2. Don't treat kink as a contest to out-Dom or out-sub other people. Everyone gets to define their dynamics, limits, and what success means to them. You be you and let them be them. There are already enough dick swinging contests in the world.
3. Don't stop believin'. I mean, don't lie to yourself or others. Know yourself to the extent that you can, and be honest with yourself and others about who you are and what you want. Life is too short to do otherwise.
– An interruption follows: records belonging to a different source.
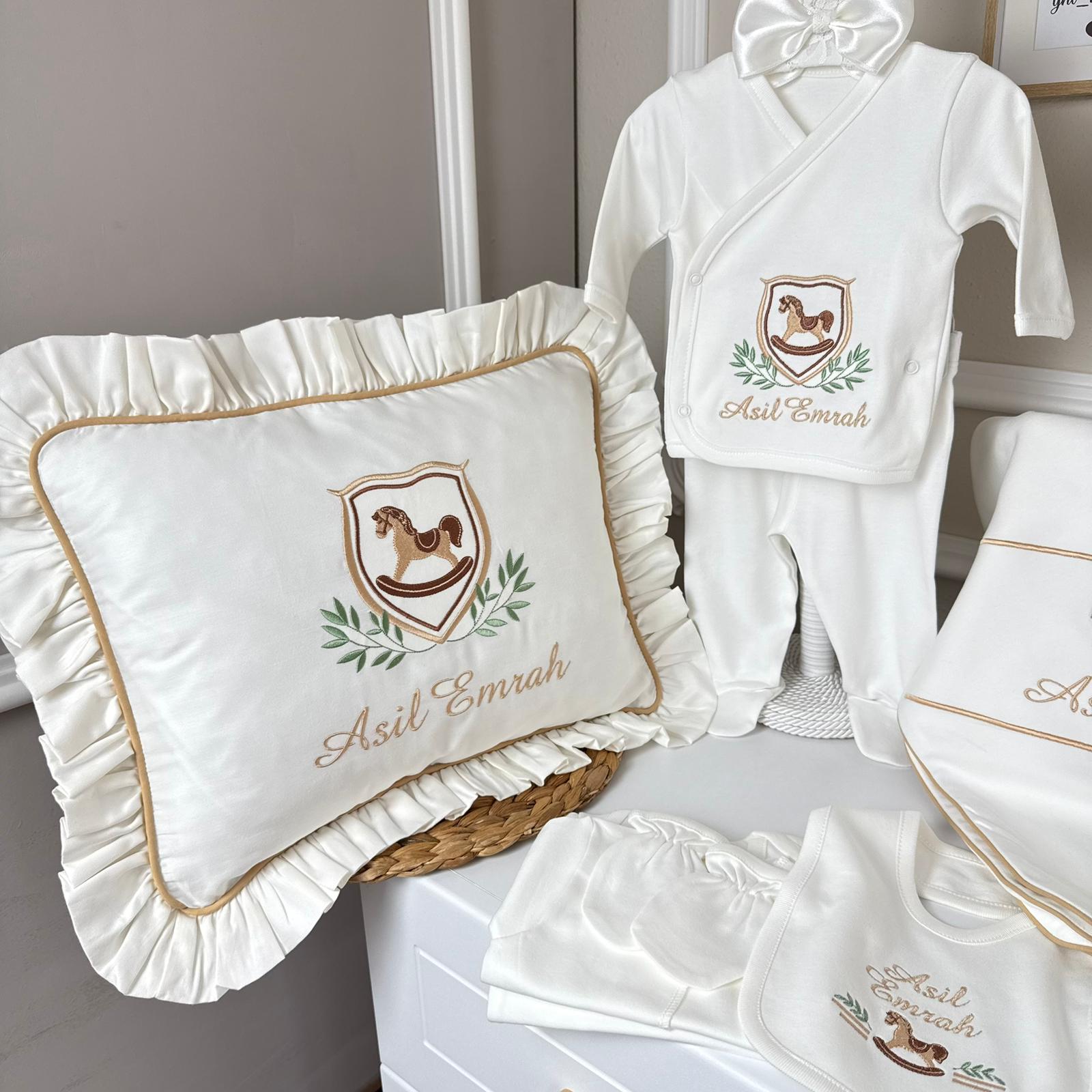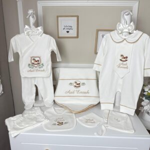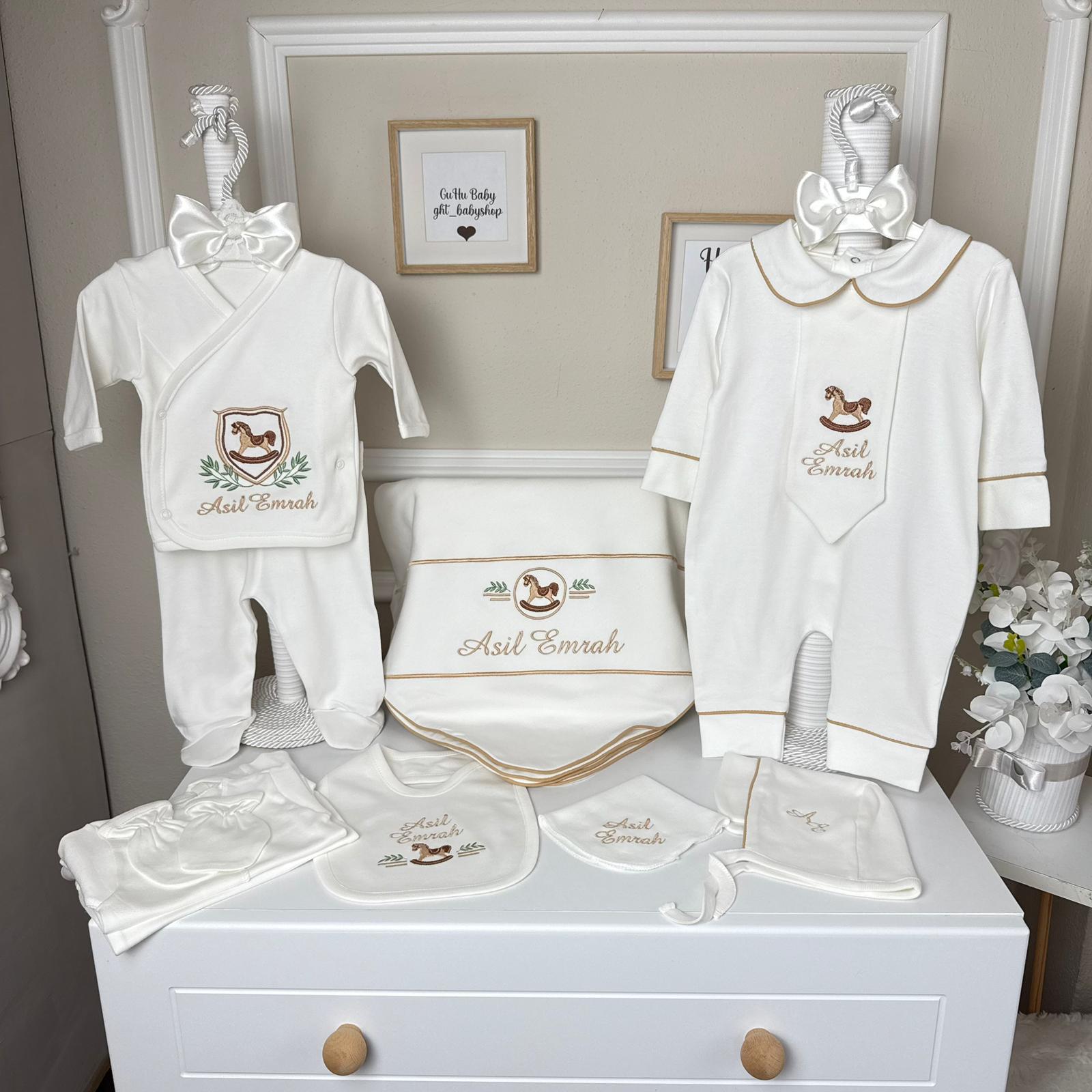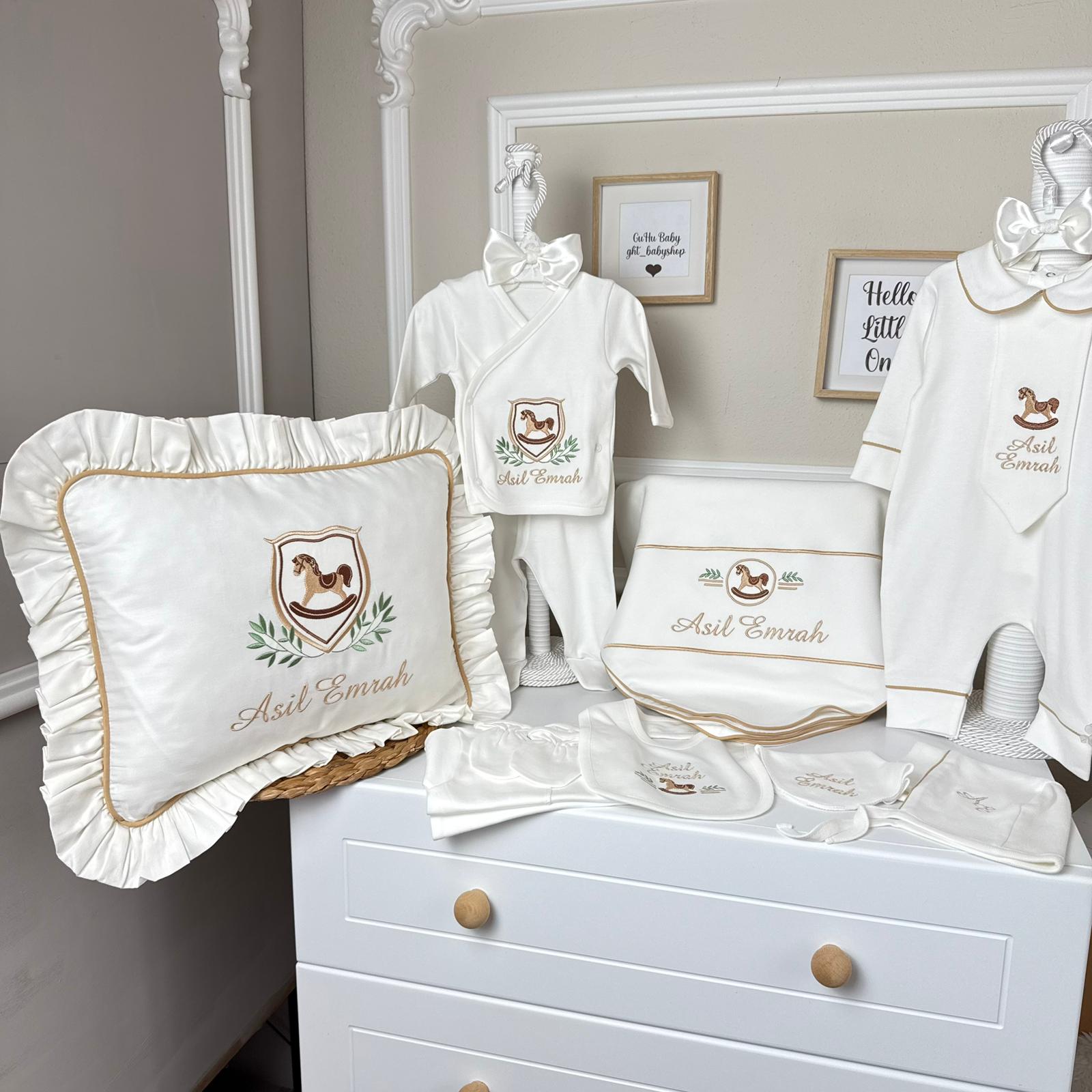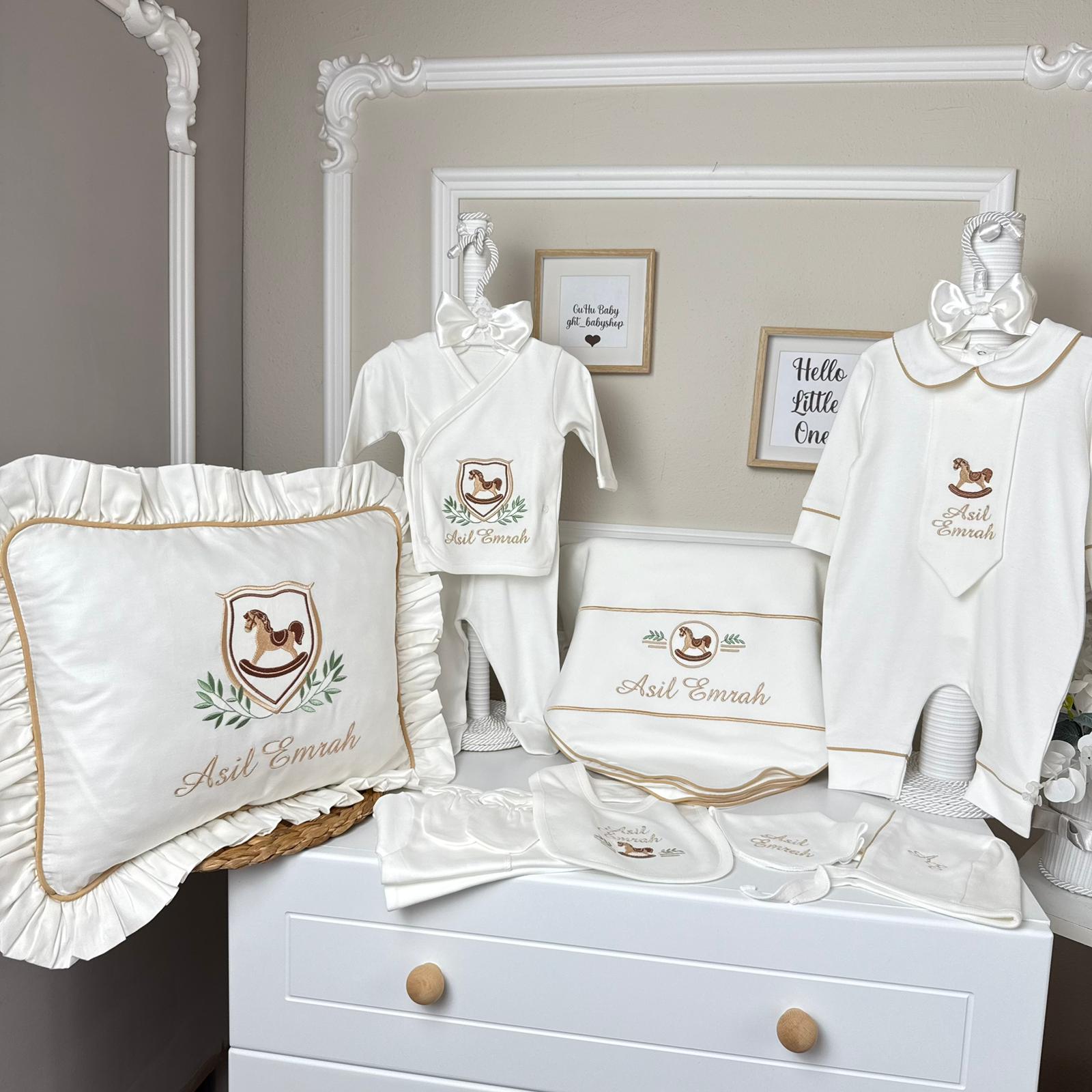 Hastane Çıkışı Seti, bebeğinizin ilk günlerinde ihtiyaç duyduğu parçaları bir araya getirir. Konforlu, şık ve kullanıma hazırdır.
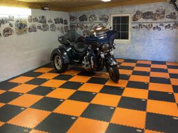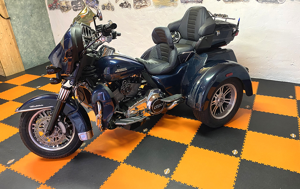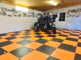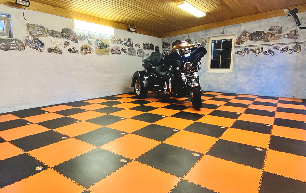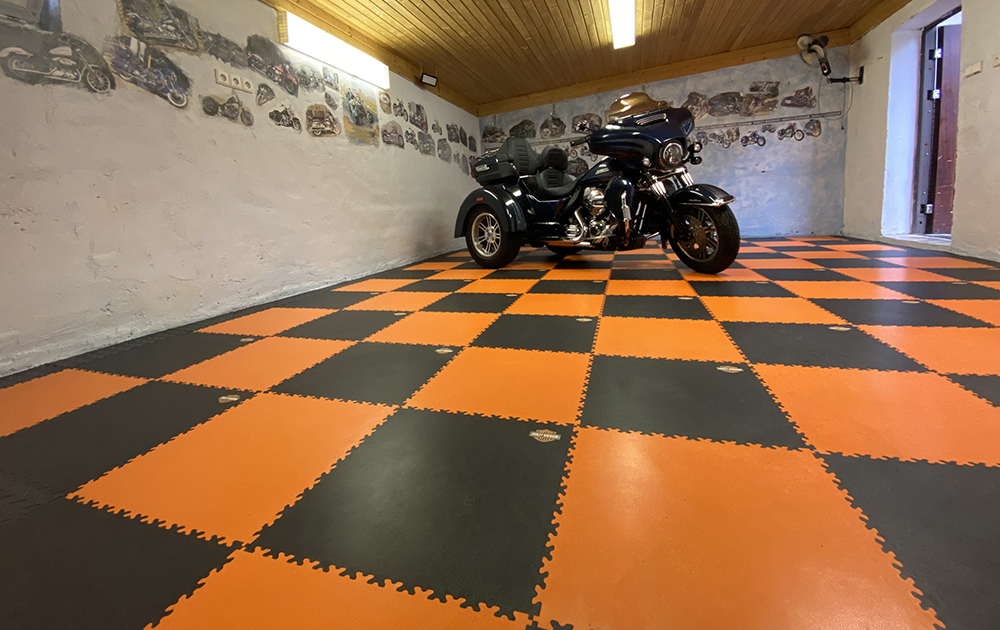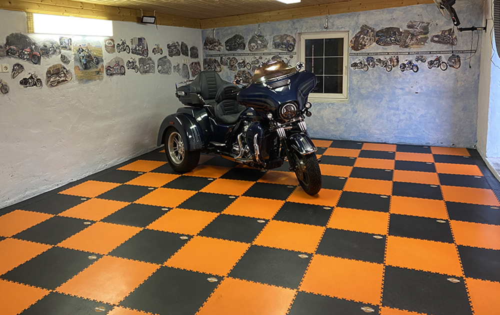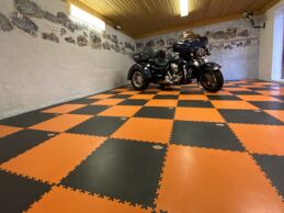 Der ursprüngliche Untergrund war abgenutzt und nicht mehr funktionstüchtig. Anstatt den Beton aufwendig zu sanieren, wurden die Fortelock Industry Fliesen (Muster Leder) direkt darüber verlegt. Die PVC-Fliesen Belastung der Industry-Serie ist für schwerste Lasten ausgelegt, was in einer Garage mit Fahrzeugbewegungen und Rangierarbeiten essenziell ist.
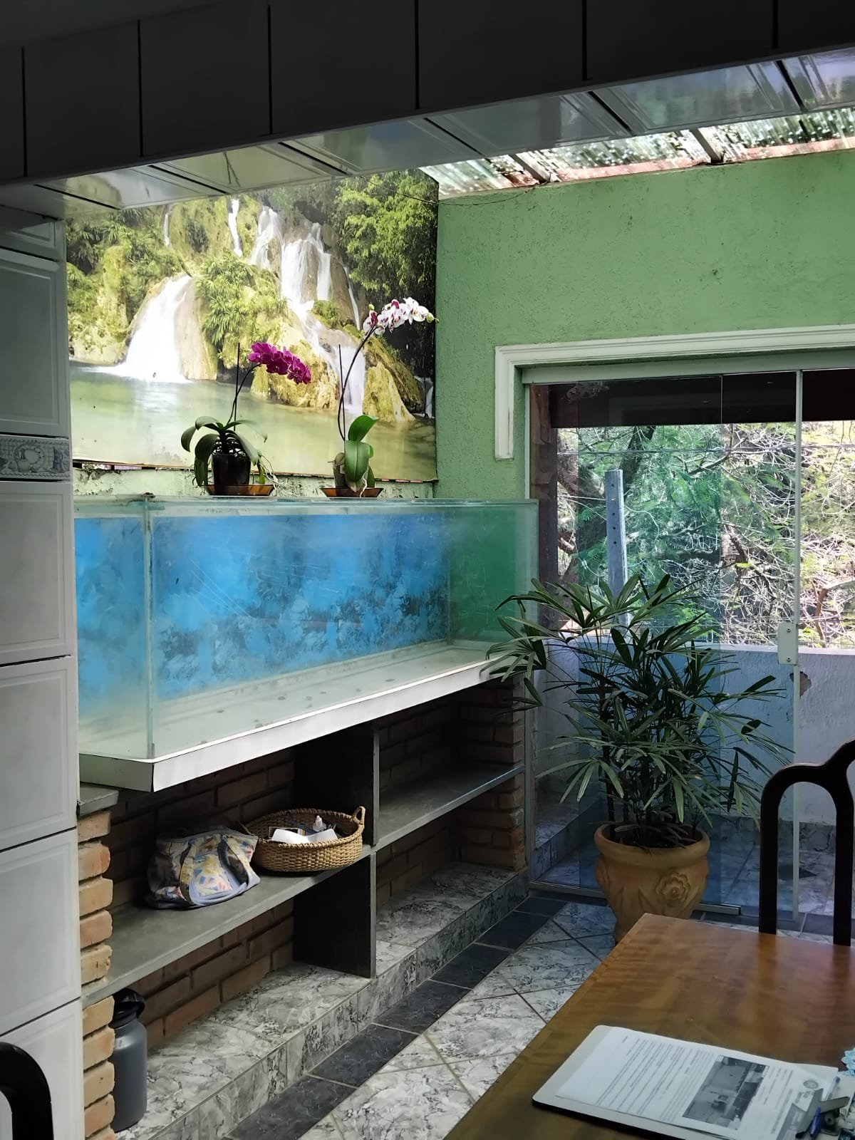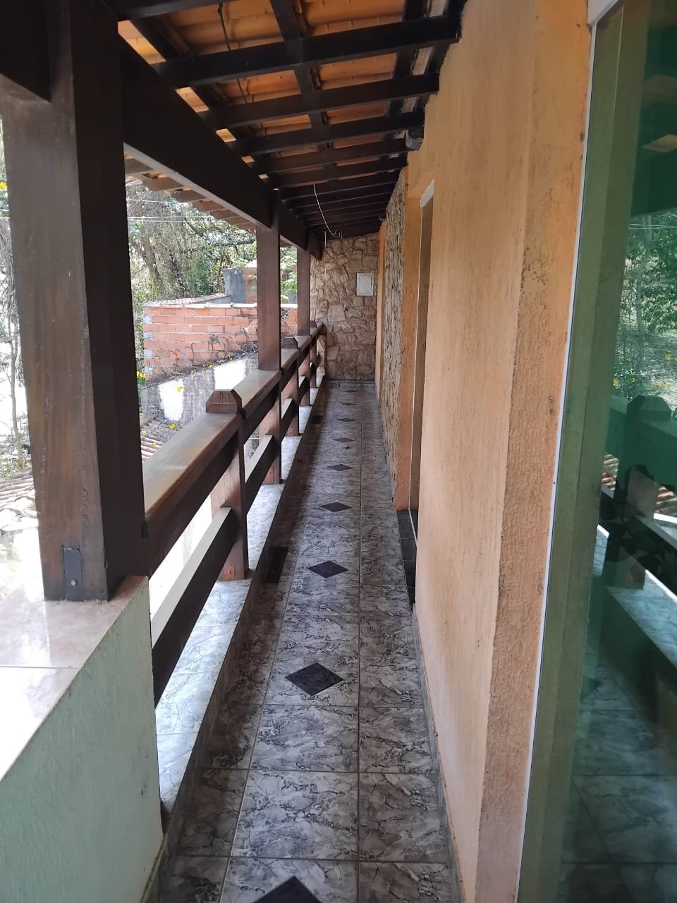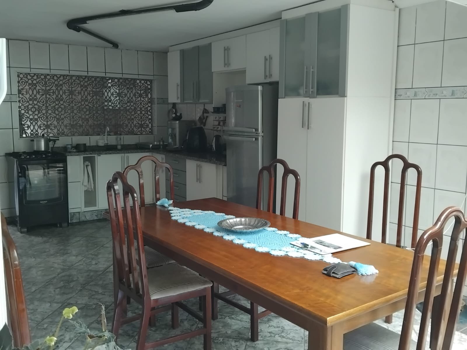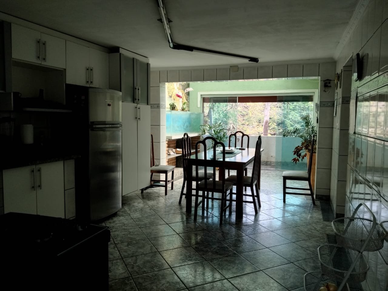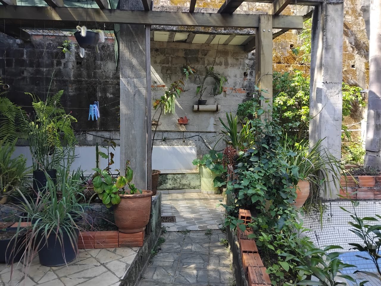 Pavimento inferior; com três cômodos, área de serviço, garagem.

These dos and don'ts do not really address my limits. That's a separate conversation for me. I learned these things about myself mainly through trial and error, along with a lot of discussion with other kinksters at various events, munches, hanging out, etc. I don't know that I wish I'd known it all earlier, because I think it was a good process to figure these things out by doing. I've had a really good kink journey overall so far, and I'm very happy with that.
 
I guess i'm new to this but

do: safe, sane, consensual

don't: be stupid, blab to the whole neighborhood, or allow play to mess up a perfectly good friendship
 
How would you describe your personal style/ philosophy of BDSM and why?

you know, it always strikes me as so strange that so many Daddies on here that I've talked to aren't specifically into age play but identify as a daddy purely because they are looking for D/s that isn't humiliation or degradation inclusive. They aren't even aware there is a thing called a Gentledom. Yep. It's a thing. It was a thing... just doesn't seem to be a thing on here anymore. I'm not a masochist in the traditional sense, though I'm working through whether I'm an emotional masochist or not. I'm not sure if I'm a little technically either; though I have some off the earmarks
I'm not into degradation or humiliation I'm into respect. I'm into Anais Nin, jade, and Michael Mikai. I started out on Castlerealm and still have a huge soft spot for The Garden. I'd fit better on another well known site geared towards married D/s only my husband isn't interested. So for me, I'm into respect based, growth minded, clear expectations, quality communication, service oriented with some kink thtuen in, long term committed positive reinforcement, D/s. I'm the good girl who needs to please, who will take care of all of your needs with a sincere and happy heart who needs to be loved jealously and protectively as yours.


Do

1. Do know thyself. Ignorance is not bliss. Skipping smack dab into the middle of a situation you can't handle because you didn't stop to think how it would pan out isn't cute. It isn't pretty. It sucks for all involved. This goes on both sides off the slash! As much as I need to be able to communicate to you how xyz thing affects me... I should be able to ask the same question! (And you should know the answer...if you don't know you how am I supposed to trust you to handle me?)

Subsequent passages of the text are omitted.